The governance of mental health care can no longer be entrusted to acute hospital CEOs without more financial and operational autonomy for mental health programs. A direct and transparent relationship with State health departments for the mental health system is now essential. State community mental health services should move to embed and engage with primary care and other community services such as housing and employment. And there must be the same level of respect for clinical expertise, evidence and research capacity in mental health care as we see in general medical care, since these are the drivers of quality and humane care.

We have seen an alarming decline in capacity and quality as services have descended over the past decade into a generic risk-obsessed model, and hence to a one-size-fits-all, lowest common denominator approach.

In Victoria, there seems at last to be a recognition by the incoming Andrews Government that things have hit rock bottom in its once vaunted mental health system.
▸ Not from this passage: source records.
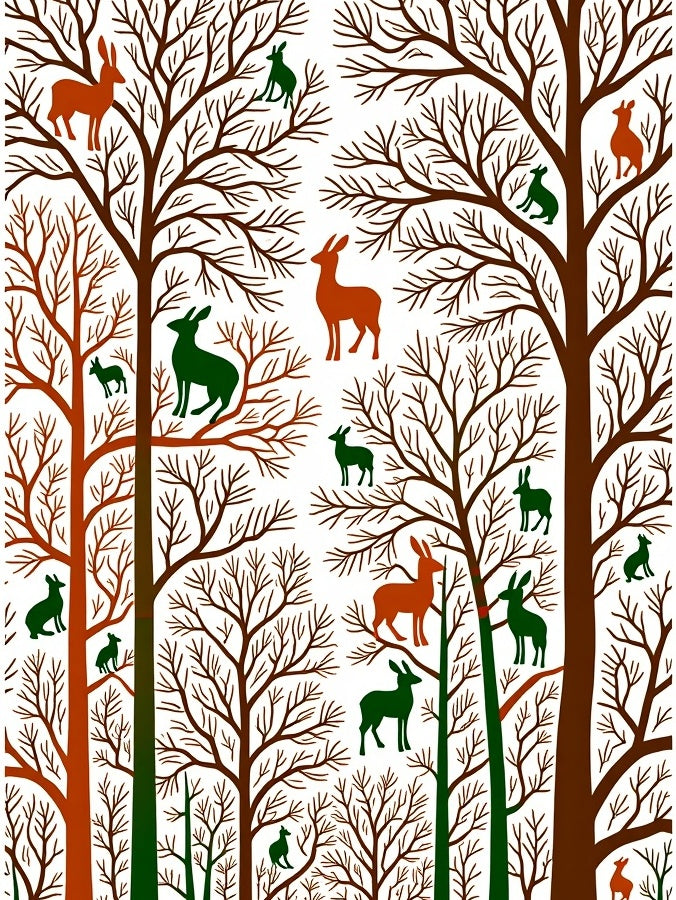 Enchanted Forest Canopy with Wildlife Silhouettes(Brown)
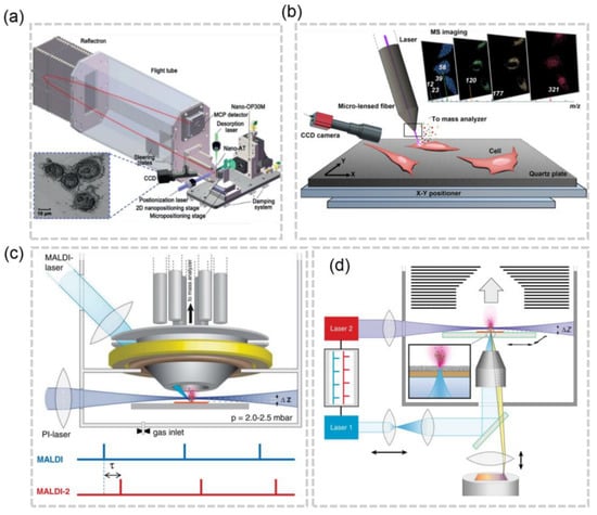 (a) Schematic of the NDPI–TOFMS system [28]. (b) Schematic of the micro–lensed fiber LDI-MS system [29]. (c) Schematics of MALDI–2–MSI [30]. (d) Schematics of t–MALDI–2–MSI [22].
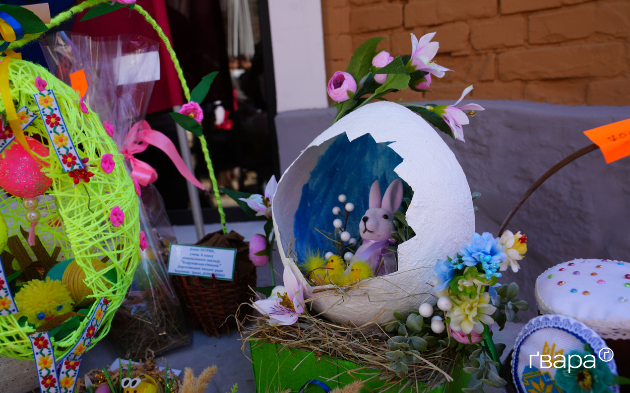 Євген, керівник відділу культури Дергачівської міської ради, розповів, що на ярмарок привезли вироби місцевих дітей, зокрема розмальовані використані боєприпаси.
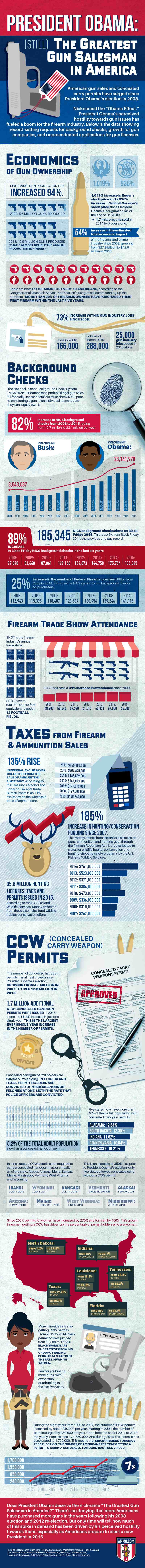New statistics are out that have been put into a well done infographic. These stats demonstrate clearly that the more Barack Hussein Obama Soetoro Sobarkah goes after guns and attempts to infringe on the rights of the people to keep and bear arms, the more Americans buy more guns.
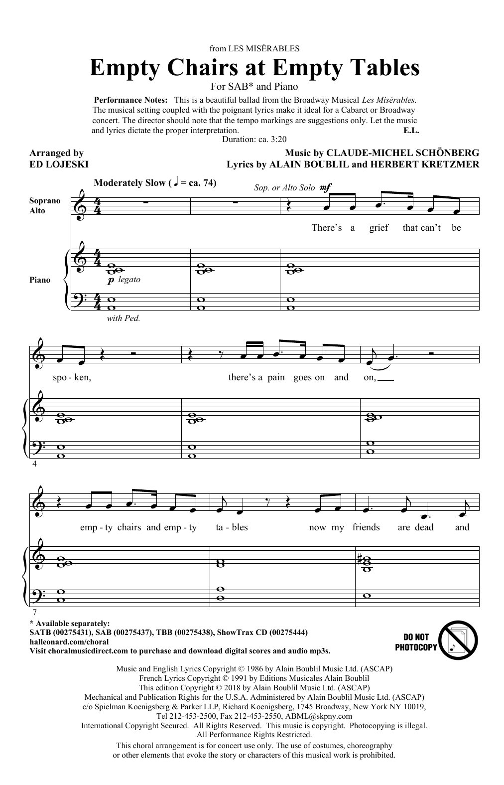 Download or print Boublil and Schonberg Empty Chairs At Empty Tables (from Les Miserables) (arr. Ed Lojeski) sheet music, chords and digital score arranged for TBB Choir. This Musical/Show score includes 7 page(s).
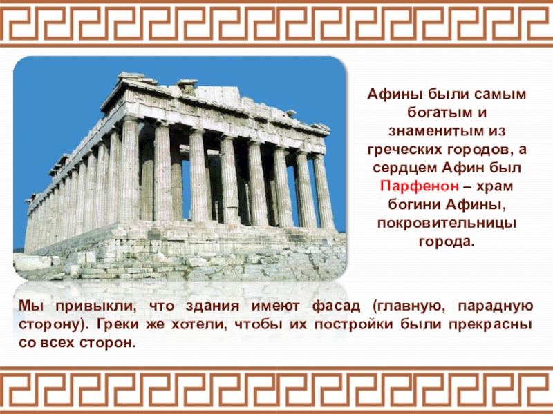 Слайд 19Мы привыкли, что здания имеют фасад (главную, парадную сторону). Греки же
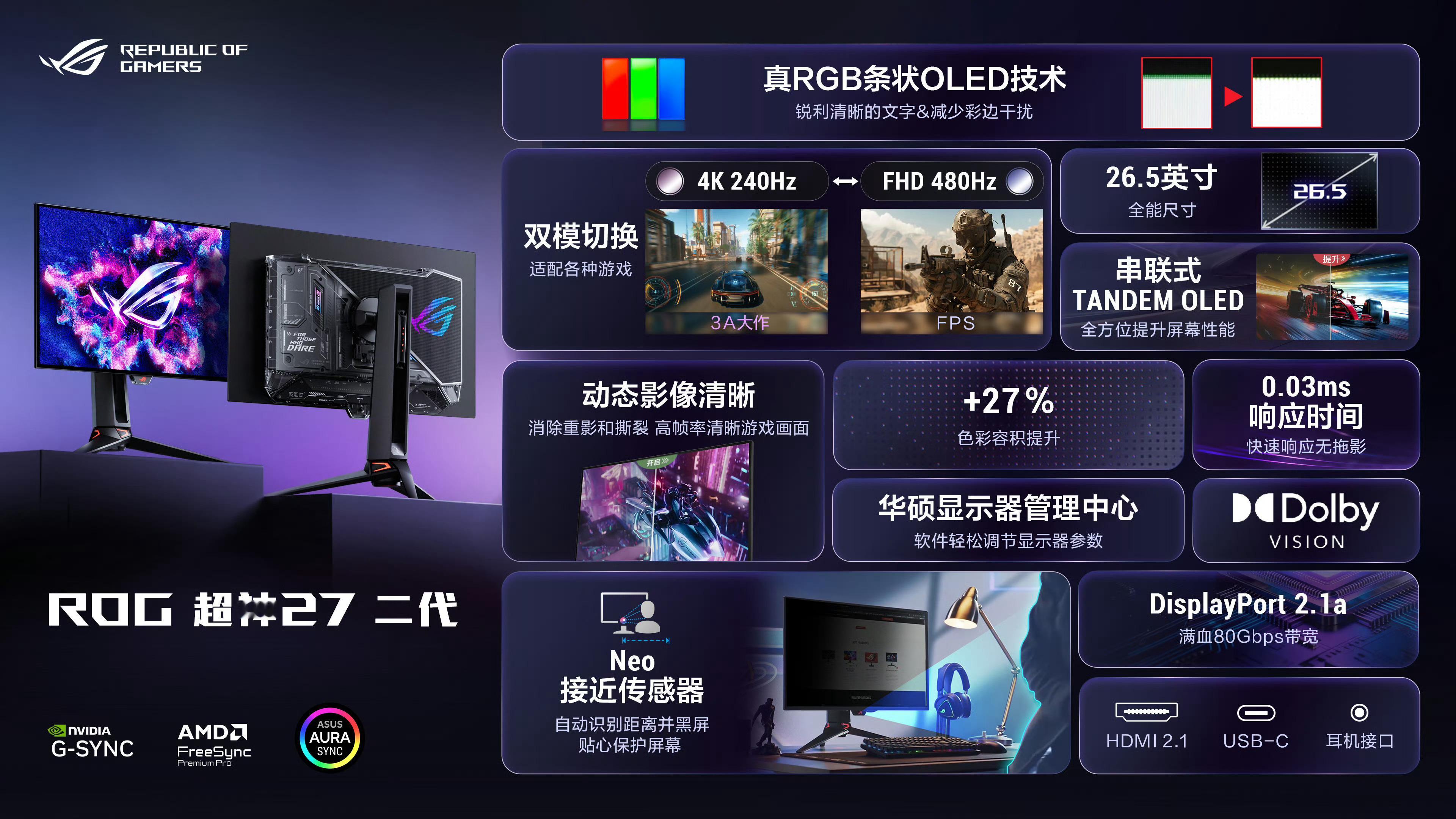 CES2026 ROG 这次真的是把家底都掏出来了。看完一圈新品,除了刚刚发微博介绍过的 PC 和 笔记本产品外,还有很多新品。比较心动的是那个“超神27二代”显示器,搞了个双模切换:想玩3A就用4K 240Hz,想打FPS竞技就切成1080P 480Hz。这对双修党来说简直是福音,不用再纠结买哪种屏了。还有那个AR眼镜也挺有意思,能投出170多寸的虚拟大屏,接掌机玩游戏应该很爽,妥妥的差旅神器。DIY这边,ROG终于出了自己的“海景房”机箱,自带屏幕这波操作很符合ROG的调性。配合新的积木风扇和无线水冷头,装机难度降了不少,理线强迫症表示很舒适。板子方面,新的X870E系列依旧堆料满满,特别是那块纯白Glacial,颜值确实能打,估计又要成为理财产品了。总的来说,ROG这次不仅是在堆参数,更多是在解决实际痛点,比如双模显示和无线化装机。虽然价格估计还是会让钱包“瘦身”,但不得不说,这波信仰充值看着确实有点香。

That we must deal with the fundamentals not the superficial and peripheral. This will means a major shake up and new investment. Will the government be committed enough to go down this track?

Australia has an enviable track record of innovation in new models of mental health care, notably Better Access, home-based treatment, early psychosis and youth mental health. October 11 will be celebrated as ‘Headspace Day’ to mark the 10th anniversary of this nationwide successful evidence based network of services.

But these beachheads are only the start. Headspace is only the entrance foyer and front room of what needs to a whole house. There are many rooms still missing.

Specialised expertise in more complex illnesses, not only early psychosis, is the next project. It was heartening that the Turnbull government strongly recommitted to these world-leading templates of care at the election, but further investment and growth is essential.